Dataset content:
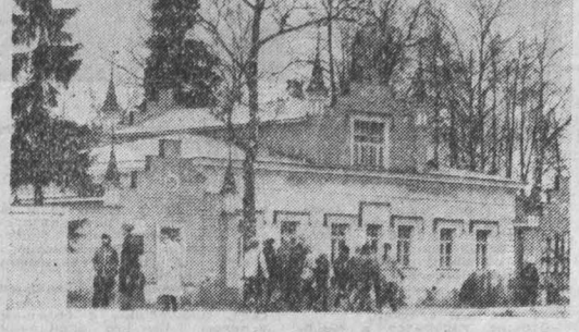
ЛЕНИНГРАДСКАЯ ОБЛАСТЬ. В Изьваре, в бывшей усадьбе семьи Рерихов, стали традиционными встречи любителей искусства...

Гражданская панихида состоится 20 ноября с 11 до 14 часов в театре оперетты Кузбасса.
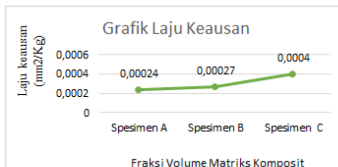
Figure 3. Grafik uji keausan pada spesimen
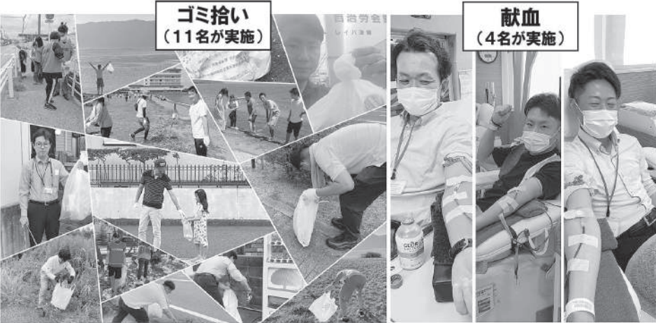
ゴミ拾い (11名が実施)

青年委員会の社会的課題への関心啓発の取り組みとして「自らができることから」をコンセプトに青年委員会三役・幹事にてゴミ拾い・献血活動に取り組みました！これを機に少しでも、滋賀県の美化活動や、病気の治療や手術などで輸血を必要としている患者さんの尊いいのちを救うための献血活動に取り組んでいただく方が増えたら幸いです。
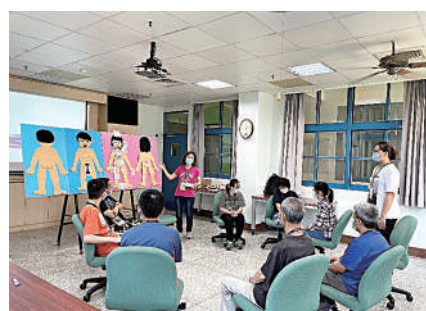
課程中藉由圖卡認識身體的各部位。

第二單元為「自己的身體自己保護」，用淺顯易懂的歌詞編製成口號，讓服務對象在唱跳中，學習與他人之間的正確互動，藉此保護自己。為了讓他們在輕鬆有趣的氣氛中，學習如何保護自己的身體，教保員製作了桌遊卡牌，利用玩桌遊的方式，讓大家除了複習上一個單元，還能學習到這次單元所要學習的內容；當服務對象卡牌抽到影片討論，教保員會即時拿出平板，讓他們觀看影片後回應問題，服務對象答對題目，桌上的星星集點卡越來越多時，
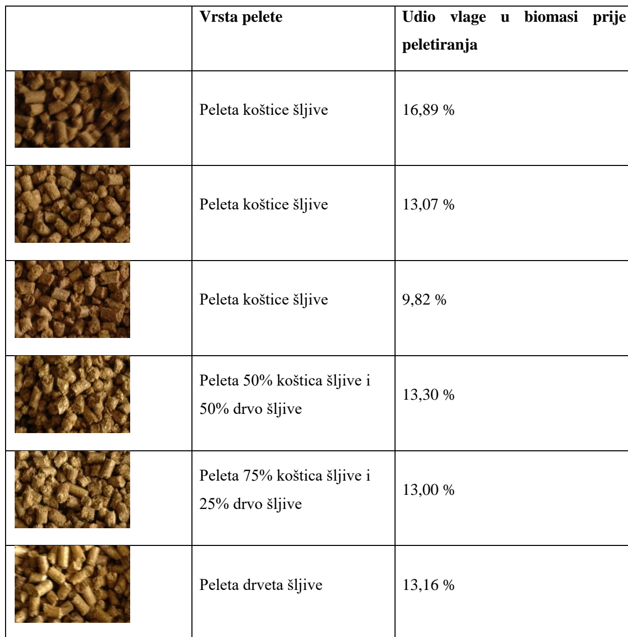
Tablica 3. Izgled proizvedenih peleta s obzirom na vrstu sirovine i udjela vlage.

Biomasa od same koštice nije se pokazala pogodna za proizvodnju peleta jer nemaju čvrstoće i lako se rune, te kao takve su nepovoljne za pakiranje i transport. Kombiniranjem drvne biomase u omjeru 25 % naprema 75% koštice nije u značajnijoj mjeri popravilo strukturu i tvrdoću proizvedenih peleta. Udio 50% :50% također nije značajnije poboljšao tvrdoću proizvedenih peleta. Poboljšanje tvrdoće peleta od koštica može se postići na dva načina: povećanjem udjela drvne biomase ili dodavanjem kalcija lignosulphonate koji povećava

Task brief: Please print the lines above word for word, starting at the one with "ゴミ拾い (11名が実施)" and ending at the one with "課程中藉由圖卡認識身體的各部位。", both included, and without any picture.

Result below:
ゴミ拾い (11名が実施)

青年委員会の社会的課題への関心啓発の取り組みとして「自らができることから」をコンセプトに青年委員会三役・幹事にてゴミ拾い・献血活動に取り組みました！これを機に少しでも、滋賀県の美化活動や、病気の治療や手術などで輸血を必要としている患者さんの尊いいのちを救うための献血活動に取り組んでいただく方が増えたら幸いです。
課程中藉由圖卡認識身體的各部位。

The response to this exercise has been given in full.